CVE-2025-11739 Overview
CVE-2025-11739 is a deserialization of untrusted data vulnerability [CWE-502] disclosed in a Schneider Electric product. A locally authenticated attacker can send a crafted data stream that triggers unsafe deserialization, leading to arbitrary code execution with administrative privileges. The flaw requires local access and low privileges, but successful exploitation results in full compromise of confidentiality, integrity, and availability on the affected host.
The vulnerability was published to the National Vulnerability Database on March 10, 2026 and is documented in Schneider Electric Security Notice SEVD-2026-069-06.
Critical Impact
Successful exploitation grants attackers arbitrary code execution at administrative privilege level, providing complete control over the affected system.
Affected Products
- Schneider Electric product as identified in Security Notice SEVD-2026-069-06
- Specific product versions referenced in the vendor advisory
- See the Schneider Electric Security Notice SEVD-2026-069-06 for the authoritative list of impacted products and versions
Discovery Timeline
- 2026-03-10 - CVE-2025-11739 published to NVD
- 2026-03-11 - Last updated in NVD database
Technical Details for CVE-2025-11739
Vulnerability Analysis
The vulnerability stems from unsafe deserialization of attacker-controlled input. When the affected component processes a serialized data stream, it reconstructs objects without validating the type or contents of the serialized payload. This allows an attacker to embed gadget chains that execute code during the deserialization process.
Exploitation requires local access and a low-privileged authenticated session. Once an attacker delivers a crafted serialized object to the vulnerable interface, the application instantiates attacker-defined objects and invokes their methods. The resulting code executes in the security context of the receiving process, which runs with administrative privileges.
The outcome is a complete compromise of the host. Attackers can install persistence, modify configuration, tamper with industrial control logic, or pivot to connected systems. In operational technology environments, this can disrupt physical processes managed by the affected component.
Root Cause
The root cause is [CWE-502] Deserialization of Untrusted Data. The vulnerable code path accepts a serialized byte stream from a local interface and reconstructs objects without enforcing a type allowlist, signature verification, or integrity checks. Standard mitigations such as LookAheadObjectInputStream, serialization filters, or cryptographic signing of payloads are absent.
Attack Vector
The attack vector is local. An attacker must already hold authenticated access with low privileges on the host or have access to a local interprocess communication channel exposed by the application. The attacker then submits a crafted serialized payload to the vulnerable endpoint. No user interaction is required, and attack complexity is low. Detailed technical analysis is available in the Schneider Electric Security Notice SEVD-2026-069-06.
No verified public proof-of-concept code is available at the time of publication. Refer to the vendor advisory for technical specifics.

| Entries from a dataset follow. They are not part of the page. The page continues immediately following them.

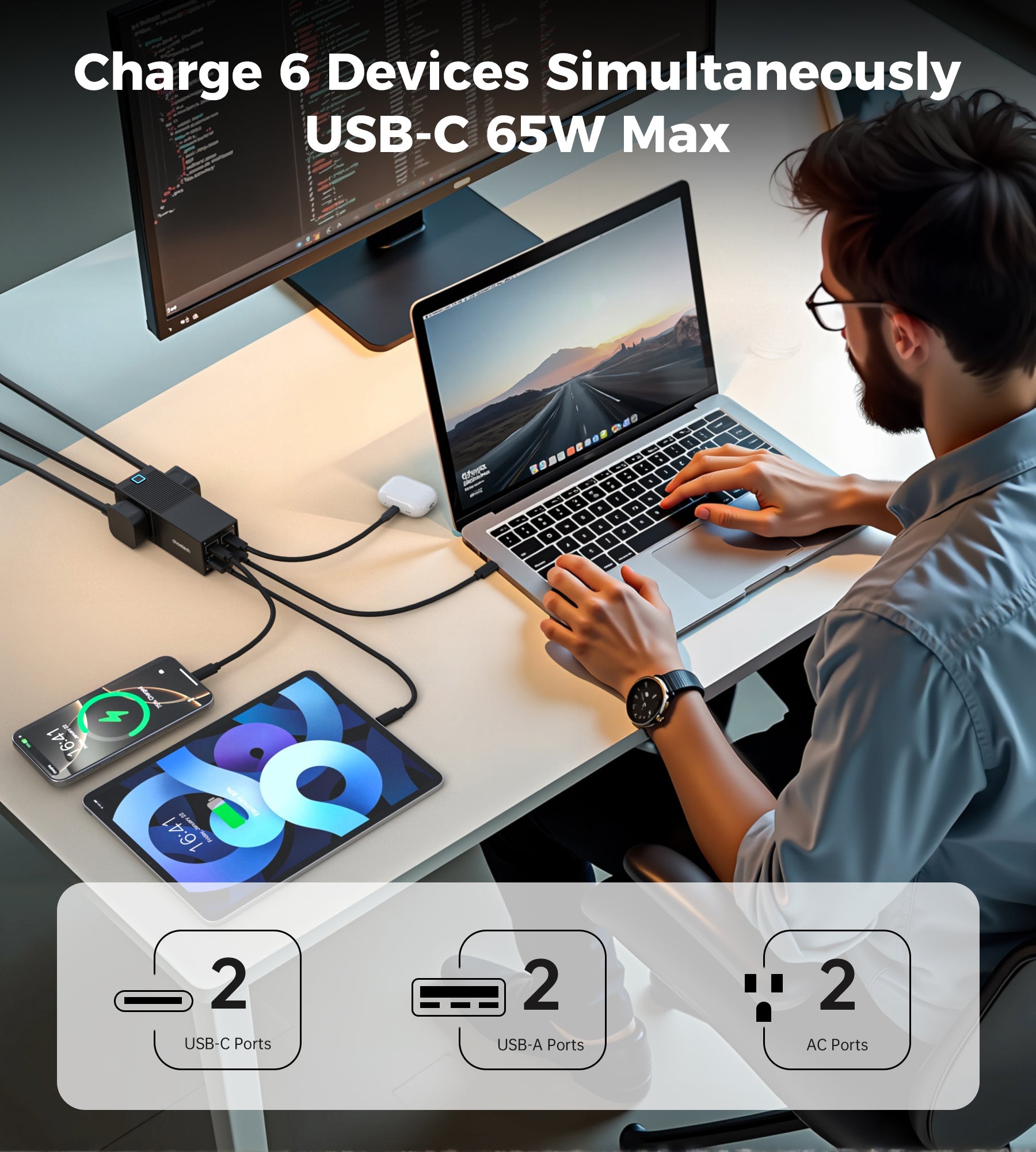 65W GaN Power Strip – USB Fast Charging Hub, Black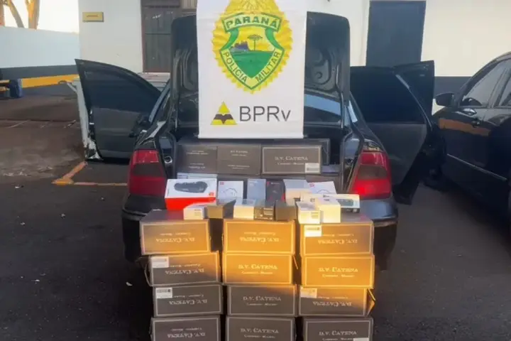 A Polícia Rodoviária Estadual (PRE) apreendeu, no início da manhã desta terça-feira (4), um Chevrolet Vectra que estava carregado com 73 caixas de vinho estrangeiros e 17 eletrônicos, na PR-317, na região de Floresta. De acordo com os policiais, o material está avaliado em R$ 55 mil.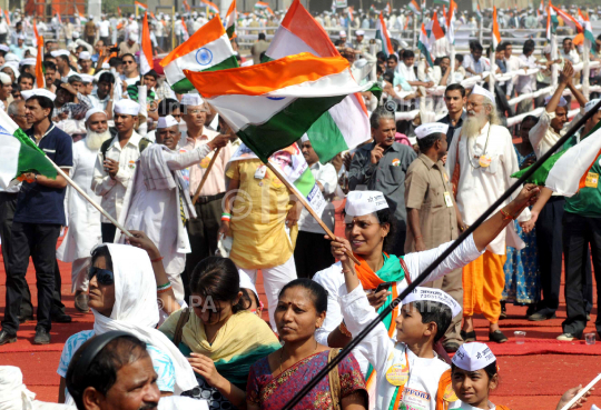 Supporters of Indian anti-corruption activist Anna Hazare, on the first day of his hunger strike at MMRDA ground in Mumbai, India, Tuesday, Dec. 27, 2011. Photo Credit: Indian Photo Agency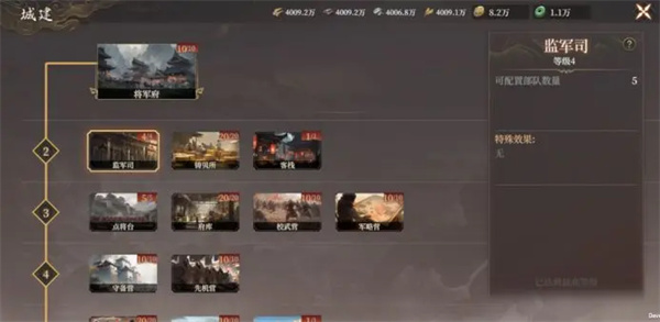 8、建筑优先级(分阶段):前期阶段,优先建造征兵所(用于保障预备兵的供应),其次是兵营(助力提升兵种等阶),最后为民居(主要产出铜币);进入后期阶段后,则优先考虑演武所(可增加带兵上限),接着是户籍所(负责征兵令的产出),最后是校场(提升募兵上限)。

Detection Methods for CVE-2025-11739
Indicators of Compromise
- Unexpected child processes spawned by the affected Schneider Electric service running with administrative privileges
- Anomalous local IPC or named pipe traffic targeting the vulnerable component
- New scheduled tasks, services, or registry persistence created shortly after interaction with the affected application
- Outbound network connections initiated by the affected process to untrusted destinations
Detection Strategies
- Monitor process lineage for the affected service and alert on spawning of interpreters such as cmd.exe, powershell.exe, or scripting hosts
- Inspect local interfaces and IPC endpoints exposed by the application for serialized data patterns consistent with known gadget chains
- Enable application-level logging for deserialization events and correlate failures with subsequent process activity
Monitoring Recommendations
- Forward endpoint telemetry, including process creation, file writes, and network connections, to a centralized logging or SIEM platform for correlation
- Track authentication events on hosts running the affected software to identify local accounts that interact with the vulnerable component
- Baseline normal behavior of the Schneider Electric service and alert on deviations such as unexpected module loads or thread injection
How to Mitigate CVE-2025-11739
Immediate Actions Required
- Apply the vendor-supplied patch referenced in Schneider Electric Security Notice SEVD-2026-069-06 as soon as it is available for your product version
- Restrict local interactive and remote access to hosts running the affected software to administrators and required service accounts only
- Audit local accounts on affected hosts and remove unnecessary low-privileged users that could be leveraged for exploitation
- Segment operational technology networks to limit lateral movement from compromised engineering workstations
Patch Information
Schneider Electric has published remediation guidance in Schneider Electric Security Notice SEVD-2026-069-06. Review the advisory for fixed versions, upgrade procedures, and any vendor-recommended compensating controls.
Workarounds
- Disable or block local interfaces of the affected component if they are not required for operations
- Enforce application allowlisting on hosts running the affected software to prevent execution of unauthorized binaries dropped post-exploitation
- Apply host-based firewall rules to restrict IPC and local socket access to authorized processes only
- Increase monitoring on engineering workstations and other systems hosting the affected product until patches are deployed
Disclaimer: This content was generated using AI. While we strive for accuracy, please verify critical information with official sources.